Extracted records
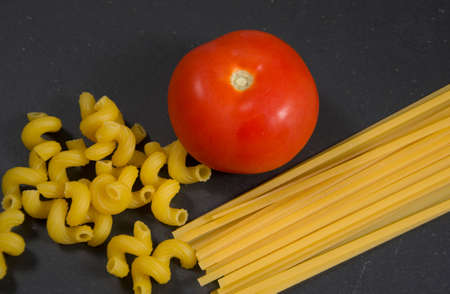one ripe red tomato in the middle of a bouquet of raw spaghetti top view on a black background in the studio
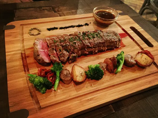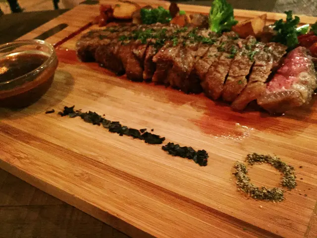 而且擺盤看起來好美,牛排也都切好了喔!建議七分的熟度,旁邊烤過的蔬菜也都蠻好吃的。
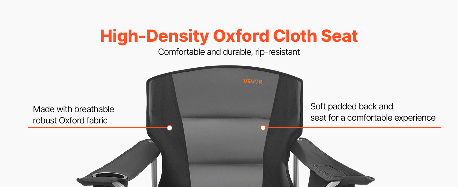 Premium 600D Oxford Fabric: Made with 600D rip-stop Oxford fabric, this camping chair is tearing-resistant and abrasion-proof, making it ideal for camping, fishing, and BBQ. The backrest features 200g/m² solid cotton padding for lasting support
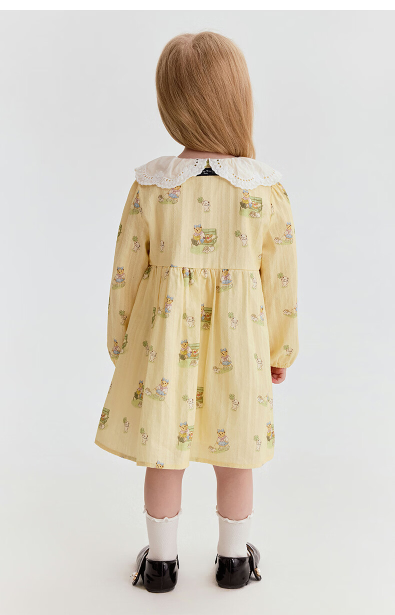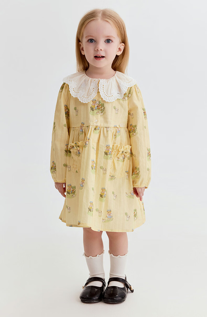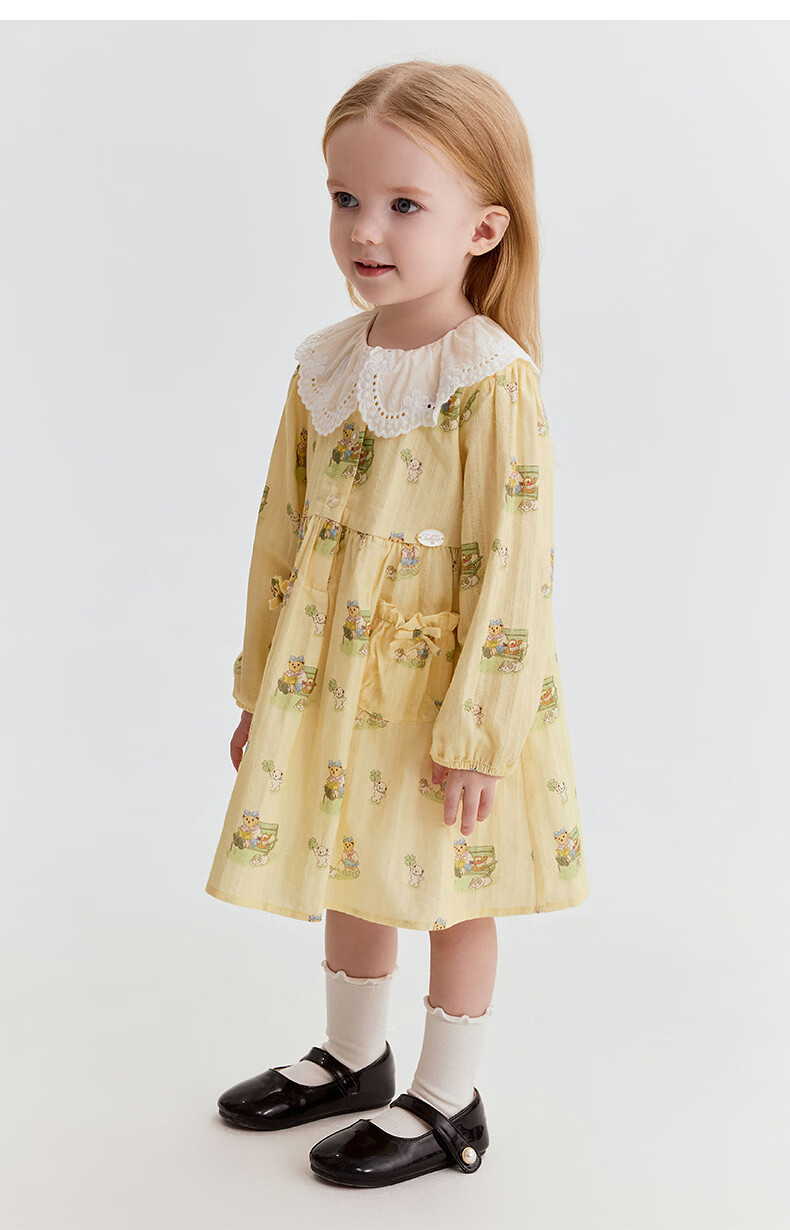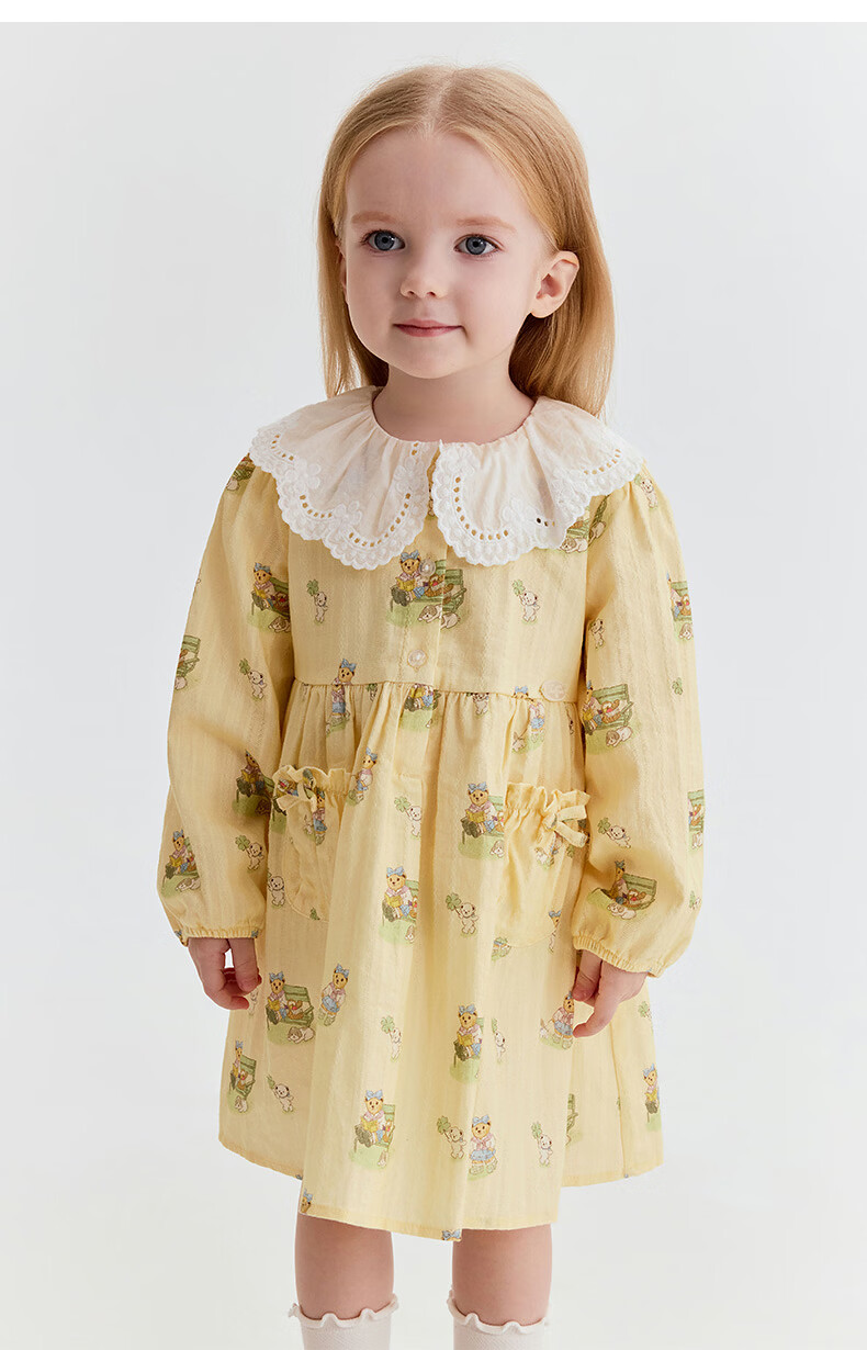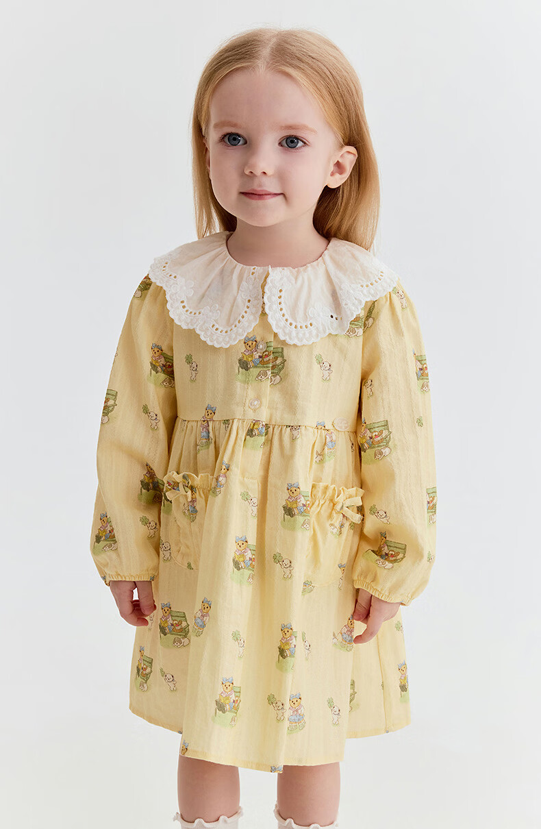 Teenie Weenie Kids 26th new baby girl full-print sweet lace collar dress yellow 110 cm
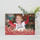 Tipografia vermelha e Dourado do cartão com fotos do feriado do Natal com pia batismal do roteiro.
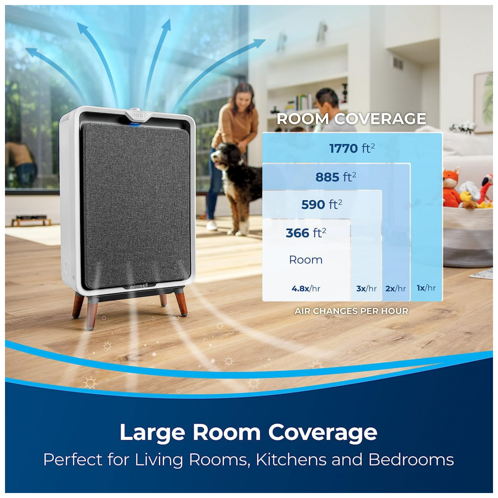 Testado de acordo com o padrão AHAM para ter um Smoke CADR de 199 para quartos de até 28 m2, tornando o ótimo para quartos, áreas de estar, porões e salas de jantar
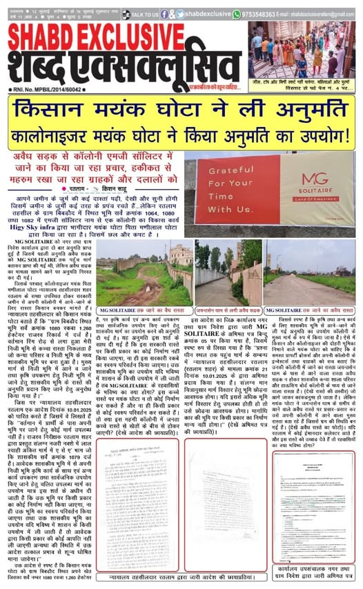 आपने जमीन के जुर्म की कई दास्तां पढ़ी, देखी और सुनी होंगी जिसमें जमीन के जुर्मी कई तरह के प्रपंच रचते हैं… लेकिन रतलाम तहसील के ग्राम बिबड़ौद में स्थित भूमि सर्वे क्रमांक 1064, 1080 तथा 1082 में एमजी सॉलिटर नाम से एक कॉलोनी का विकास कार्य Higy Sky infra द्वारा भागीदार मयंक घोटा पिता मणीलाल घोटा द्वारा किया जा रहा है। जिसमें छल और कपट है ।
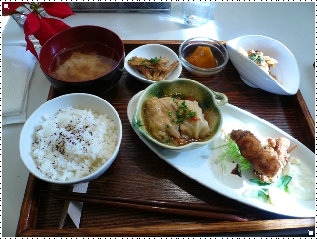 私は日替わりランチ(ロールキャベツ&カキフライetc.)
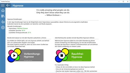 Wenn du wirklich entschlossen bist mit dem Rauchen aufzuhören, dann wirst du jetzt mit dieser App Erfolg haben! Viele liebevoll aufbereitete Lerninhalte und zwei Hypnosesitzungen unterstützen dich aktiv beim Rauchen aufhören, und lösen dein Rauchbedürfnis vollständig auf.
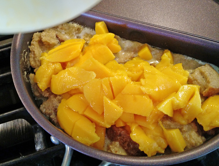 Put half of the soaked bread mixture into one side of the pan. Then add the mango evenly across the bread.
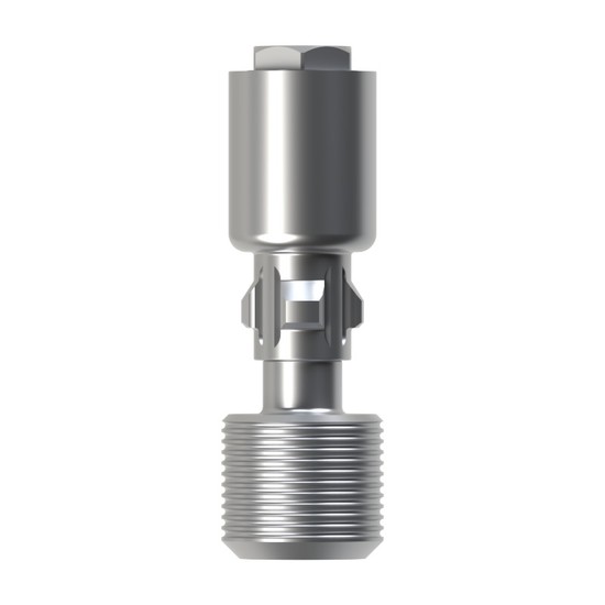 Análogo digital em titânio para conexão hexágono externo (HE), correspondente a implantes de diâmetro 4,1 mm. Projetado para precisão dimensional em fluxos laboratoriais e digitais, com rosca M2x0,4 e parâmetros definidos para encaixe estável e reprodutível.
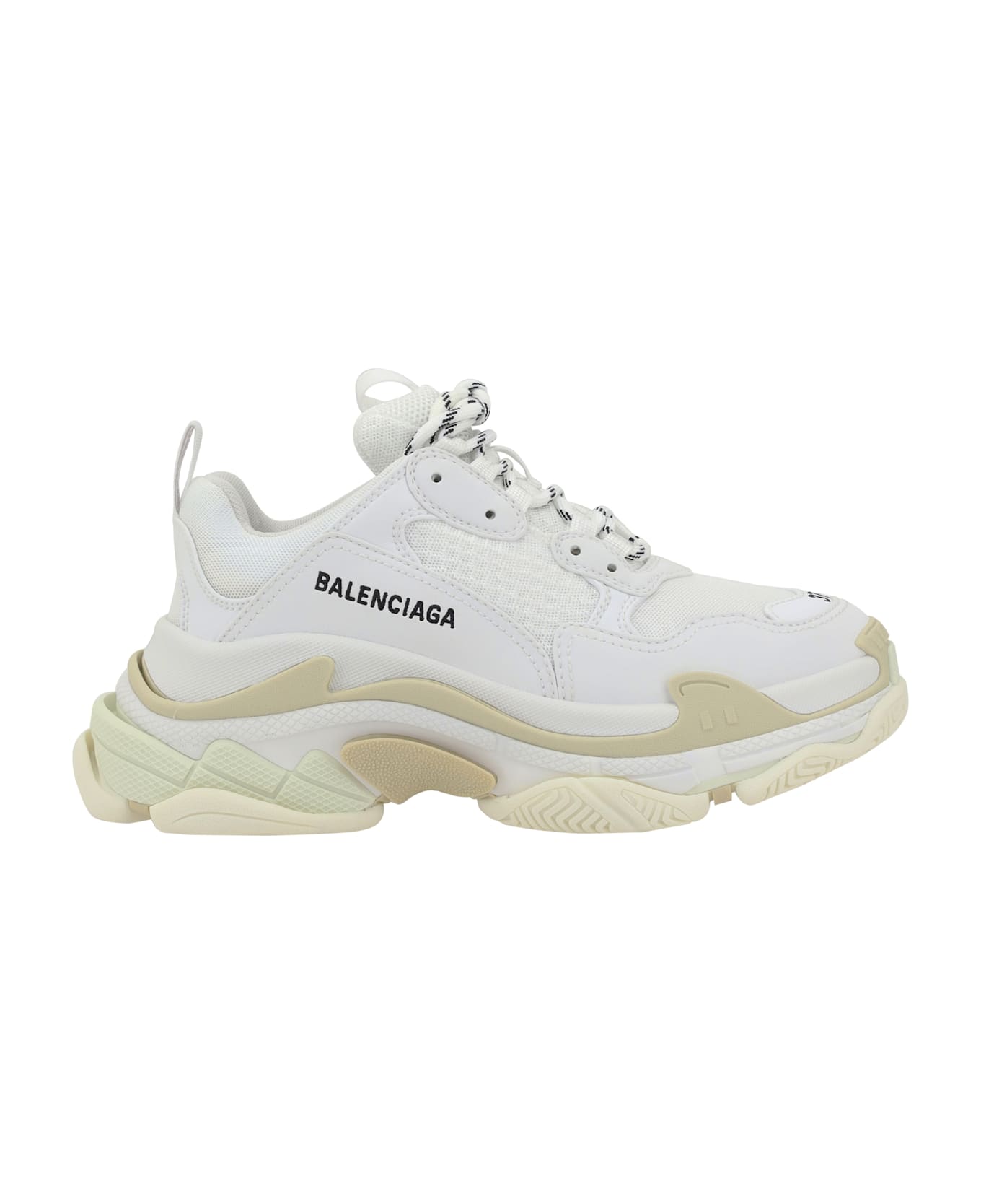 Balenciaga's triple s sneakers are an icon of style and comfort, featuring a lace-up closure for a secure fit. the logo patch on the padded tongue and embroidered logo on the side add a distinctive and recognizable brand touch. the wide logo sole gives the sneakers a bold, modern look, while the brand logo print on the insole completes the design, offering yet another exclusive detail.

#### [Exercise goal]
Would you set down the entries exactly as given, minus their pictures?

#### [Answer section]
one ripe red tomato in the middle of a bouquet of raw spaghetti top view on a black background in the studio
 而且擺盤看起來好美,牛排也都切好了喔!建議七分的熟度,旁邊烤過的蔬菜也都蠻好吃的。
 Premium 600D Oxford Fabric: Made with 600D rip-stop Oxford fabric, this camping chair is tearing-resistant and abrasion-proof, making it ideal for camping, fishing, and BBQ. The backrest features 200g/m² solid cotton padding for lasting support
 Teenie Weenie Kids 26th new baby girl full-print sweet lace collar dress yellow 110 cm
 Tipografia vermelha e Dourado do cartão com fotos do feriado do Natal com pia batismal do roteiro.
 Testado de acordo com o padrão AHAM para ter um Smoke CADR de 199 para quartos de até 28 m2, tornando o ótimo para quartos, áreas de estar, porões e salas de jantar
 आपने जमीन के जुर्म की कई दास्तां पढ़ी, देखी और सुनी होंगी जिसमें जमीन के जुर्मी कई तरह के प्रपंच रचते हैं… लेकिन रतलाम तहसील के ग्राम बिबड़ौद में स्थित भूमि सर्वे क्रमांक 1064, 1080 तथा 1082 में एमजी सॉलिटर नाम से एक कॉलोनी का विकास कार्य Higy Sky infra द्वारा भागीदार मयंक घोटा पिता मणीलाल घोटा द्वारा किया जा रहा है। जिसमें छल और कपट है ।
 私は日替わりランチ(ロールキャベツ&カキフライetc.)
 Wenn du wirklich entschlossen bist mit dem Rauchen aufzuhören, dann wirst du jetzt mit dieser App Erfolg haben! Viele liebevoll aufbereitete Lerninhalte und zwei Hypnosesitzungen unterstützen dich aktiv beim Rauchen aufhören, und lösen dein Rauchbedürfnis vollständig auf.
 Put half of the soaked bread mixture into one side of the pan. Then add the mango evenly across the bread.
 Análogo digital em titânio para conexão hexágono externo (HE), correspondente a implantes de diâmetro 4,1 mm. Projetado para precisão dimensional em fluxos laboratoriais e digitais, com rosca M2x0,4 e parâmetros definidos para encaixe estável e reprodutível.
 Balenciaga's triple s sneakers are an icon of style and comfort, featuring a lace-up closure for a secure fit. the logo patch on the padded tongue and embroidered logo on the side add a distinctive and recognizable brand touch. the wide logo sole gives the sneakers a bold, modern look, while the brand logo print on the insole completes the design, offering yet another exclusive detail.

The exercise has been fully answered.